### Entries shown
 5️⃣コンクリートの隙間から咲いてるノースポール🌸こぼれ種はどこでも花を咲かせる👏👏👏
...
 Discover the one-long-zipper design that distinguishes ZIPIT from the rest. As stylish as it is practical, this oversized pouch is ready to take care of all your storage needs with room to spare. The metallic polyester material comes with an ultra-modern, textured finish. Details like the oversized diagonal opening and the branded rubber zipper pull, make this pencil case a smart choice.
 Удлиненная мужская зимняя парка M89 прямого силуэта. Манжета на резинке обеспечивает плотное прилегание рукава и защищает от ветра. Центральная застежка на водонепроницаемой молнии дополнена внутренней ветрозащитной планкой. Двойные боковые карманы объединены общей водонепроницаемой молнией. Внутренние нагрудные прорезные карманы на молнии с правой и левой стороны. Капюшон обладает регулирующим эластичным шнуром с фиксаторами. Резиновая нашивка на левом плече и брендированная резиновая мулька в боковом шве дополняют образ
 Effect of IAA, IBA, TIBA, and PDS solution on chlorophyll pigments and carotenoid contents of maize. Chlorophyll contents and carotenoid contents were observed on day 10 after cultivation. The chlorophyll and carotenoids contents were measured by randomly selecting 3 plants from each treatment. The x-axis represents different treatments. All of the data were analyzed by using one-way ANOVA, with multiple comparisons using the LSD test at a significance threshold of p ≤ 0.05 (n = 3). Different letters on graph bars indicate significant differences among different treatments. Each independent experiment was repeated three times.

### Goal of the exercise
Scan the lines above for "with", then copy every one that has it.

### Exercise result
 Discover the one-long-zipper design that distinguishes ZIPIT from the rest. As stylish as it is practical, this oversized pouch is ready to take care of all your storage needs with room to spare. The metallic polyester material comes with an ultra-modern, textured finish. Details like the oversized diagonal opening and the branded rubber zipper pull, make this pencil case a smart choice.
 Effect of IAA, IBA, TIBA, and PDS solution on chlorophyll pigments and carotenoid contents of maize. Chlorophyll contents and carotenoid contents were observed on day 10 after cultivation. The chlorophyll and carotenoids contents were measured by randomly selecting 3 plants from each treatment. The x-axis represents different treatments. All of the data were analyzed by using one-way ANOVA, with multiple comparisons using the LSD test at a significance threshold of p ≤ 0.05 (n = 3). Different letters on graph bars indicate significant differences among different treatments. Each independent experiment was repeated three times.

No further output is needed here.